1.7 免疫荧光检测LC3将爬片放入12孔板中,分别将SW480细胞接种于12孔中,每隔1~2 d换液1次,待细胞贴壁且生长到65%左右,将pcDNA3.1-miR-34a质粒转染细胞并置于培养箱中培养18 h,PBS清洗3次,每次5 min。随后用多聚甲醛固定20 min,然后用PBS清洗3次,5 min/次。使用Triton透膜后牛血清白蛋白封闭,之后分别孵育一抗和二抗,DAPI染核。以转染pcDNA3.1的SW480细胞为对照组,在荧光显微镜下检测各组结直肠癌细胞内LC3荧光斑点的数量与分布。

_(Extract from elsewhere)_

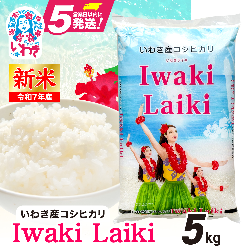 Iwaki Laiki いわき産コシヒカリ5kg(5kg×1袋) | IwakiLaiki いわき産 コシヒカリ 5kg 新米 産地直送 ブランド米 上白米 一等米 ミネラル豊富 日照 旨み ふっくら ねばり 甘み 食感 ギフト 贈答用 白米 精米 送料無料 お米 こめ 人気 | FU004-5kg-r7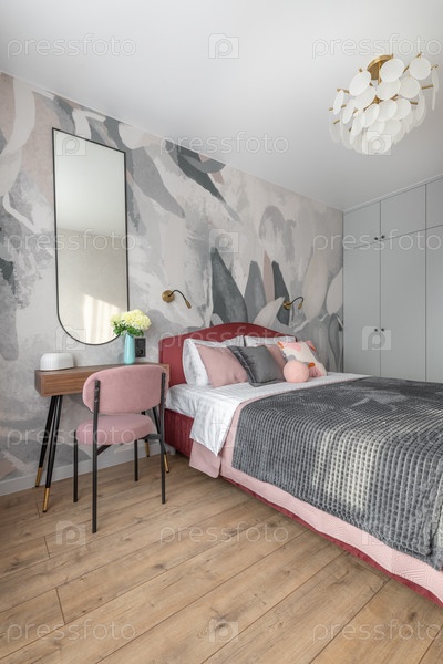 Стильные спальни с розовым и серым декором, деревянным полом, элегантными обоями и уютной атмосферой, которая создает современный интерьер

1.8 Western blotSW480细胞转染pcDNA3.1-miR-34a、pcDNA3.1-ATG7及pcDNA3.1质粒48 h后收集细胞,使用RIPA裂解物从细胞中提取蛋白质。然后使用BCA蛋白质分析试剂盒对蛋白质浓度进行量化。用10%十二烷基硫酸钠-聚丙烯酰胺凝胶电泳分离蛋白质,然后转移到聚二氟乙烯膜。在室温下用低脂牛奶(5%)封闭膜1 h,然后在4℃下用抗LC3(1∶1 000)抗体和抗β-actin(1∶1 000)抗体进行孵育。随后,用TBST清洗膜3次,并用辣根过氧化物酶结合的山羊抗兔二级抗体(1∶1 000)室温孵育1 h。用TBST清洗3次后,用ECL发光系统检测结果。蛋白表达用ImageJ软件定量。
1.9 荧光素酶报告实验检测细胞中荧光素酶活性变化采用pmirGLO双荧光素酶miRNA靶向表达载体构建质粒(Promega Corporation,美国),将ATG7 3’-UTR的miR-34a识别序列构建成野生型(WT)和突变型(MUT)片段,并克隆到pmirGLO双荧光素酶miRNA靶表达质粒中,分别命名为ATG7 WT和ATG7 MUT。将1×105个SW480细胞接种于DMEM的24孔培养板中,培养板中含有10%的无抗生素FBS。24 h后,通过Lipofectamine® 3000将SW480细胞与重组荧光素酶报告质粒(ATG7 WT或ATG7 MUT质粒)和miRNA(pcDNA3.1或pcDNA3.1-miR-34a)共转染。在37℃孵育箱下培养细胞24 h,然后制备细胞裂解物,并使用双荧光素酶报告检测试剂盒(Promega Corporation,美国)测量荧光素酶活性,萤火虫荧光素酶活性被标准化为海肾荧光素酶活性。
1.10 克隆形成实验检测细胞增殖水平取对数生长期的SW480细胞,0.25%胰酶消化离心后重悬吹打成单细胞悬液。接种到6孔板中,细胞密度为1×103/孔。细胞24 h贴壁后分别转染pcDNA3.1、pcDNA3.1-miR-34a和pcDNA3.1-miR-34a+pcDNA3.1-ATG7,转染72 h后,继续培养至10~14 d,抽去培养液,PBS清洗1遍后用4%多聚甲醛固定20 min,然后弃去固定液,用0.1%结晶紫水溶液染色30 min,之后PBS溶液冲洗。显微镜计数 > 10个细胞的克隆数,按照公式计算并得出克隆形成率:克隆形成比率=克隆形成数/接种细胞数。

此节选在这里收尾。